DATA BELOW:
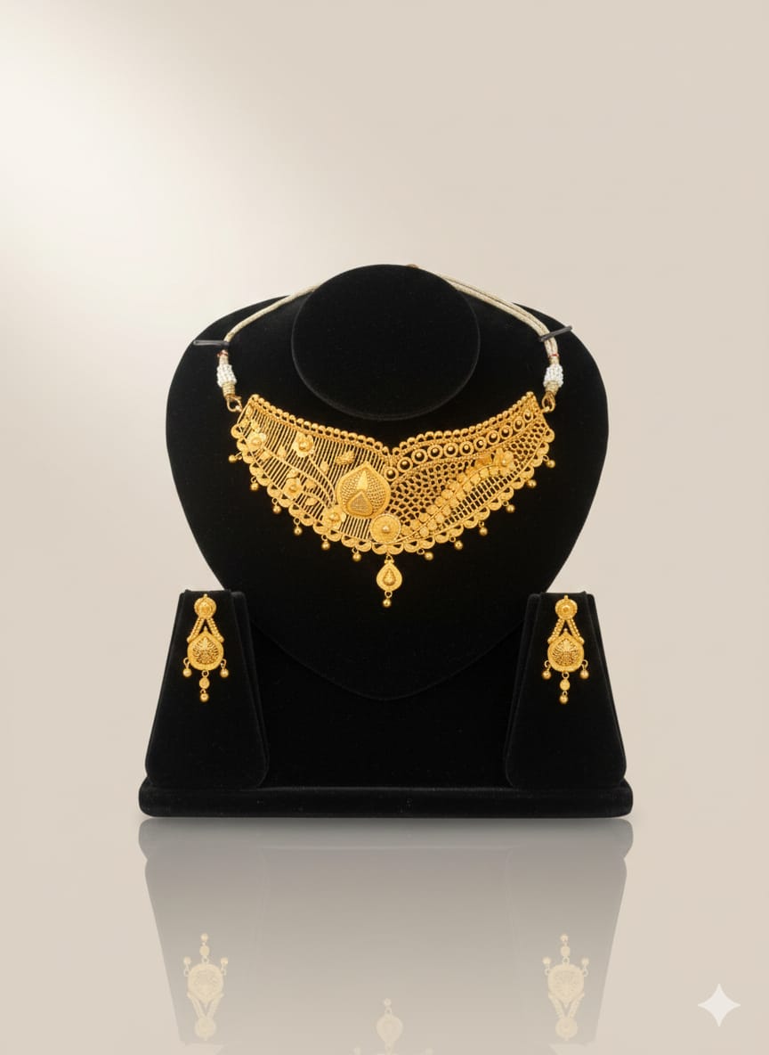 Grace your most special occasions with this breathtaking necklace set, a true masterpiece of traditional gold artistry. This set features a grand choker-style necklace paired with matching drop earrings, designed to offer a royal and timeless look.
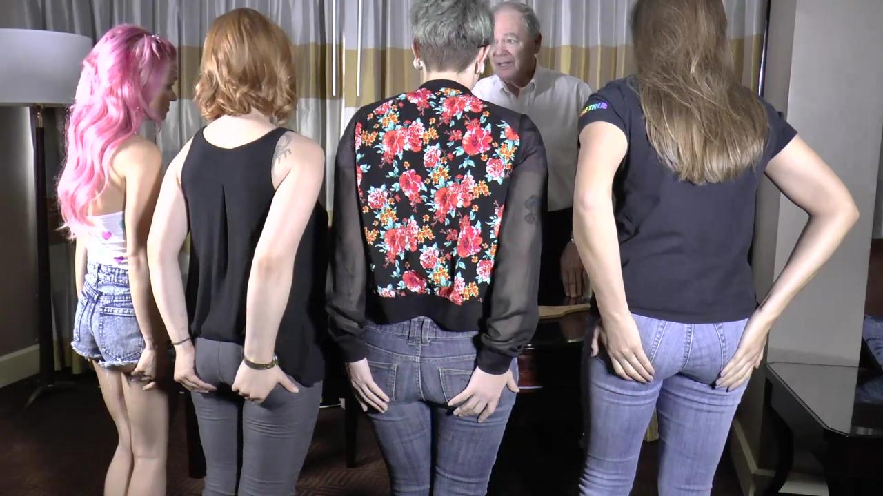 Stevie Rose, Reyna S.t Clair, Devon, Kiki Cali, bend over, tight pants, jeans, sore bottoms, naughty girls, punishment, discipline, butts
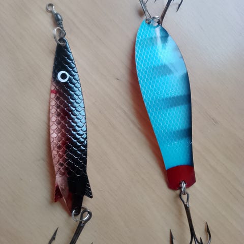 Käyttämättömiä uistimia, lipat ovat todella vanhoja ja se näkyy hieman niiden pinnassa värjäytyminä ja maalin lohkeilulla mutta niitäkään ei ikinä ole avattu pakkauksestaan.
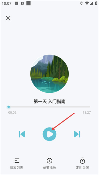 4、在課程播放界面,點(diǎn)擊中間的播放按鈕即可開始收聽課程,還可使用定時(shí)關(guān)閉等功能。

REQUIRED WORK: Give back the material above exactly as it appears, minus any picture.

ANSWER TO THIS PROBLEM:
 Grace your most special occasions with this breathtaking necklace set, a true masterpiece of traditional gold artistry. This set features a grand choker-style necklace paired with matching drop earrings, designed to offer a royal and timeless look.
 Stevie Rose, Reyna S.t Clair, Devon, Kiki Cali, bend over, tight pants, jeans, sore bottoms, naughty girls, punishment, discipline, butts
 Käyttämättömiä uistimia, lipat ovat todella vanhoja ja se näkyy hieman niiden pinnassa värjäytyminä ja maalin lohkeilulla mutta niitäkään ei ikinä ole avattu pakkauksestaan.
 4、在課程播放界面,點(diǎn)擊中間的播放按鈕即可開始收聽課程,還可使用定時(shí)關(guān)閉等功能。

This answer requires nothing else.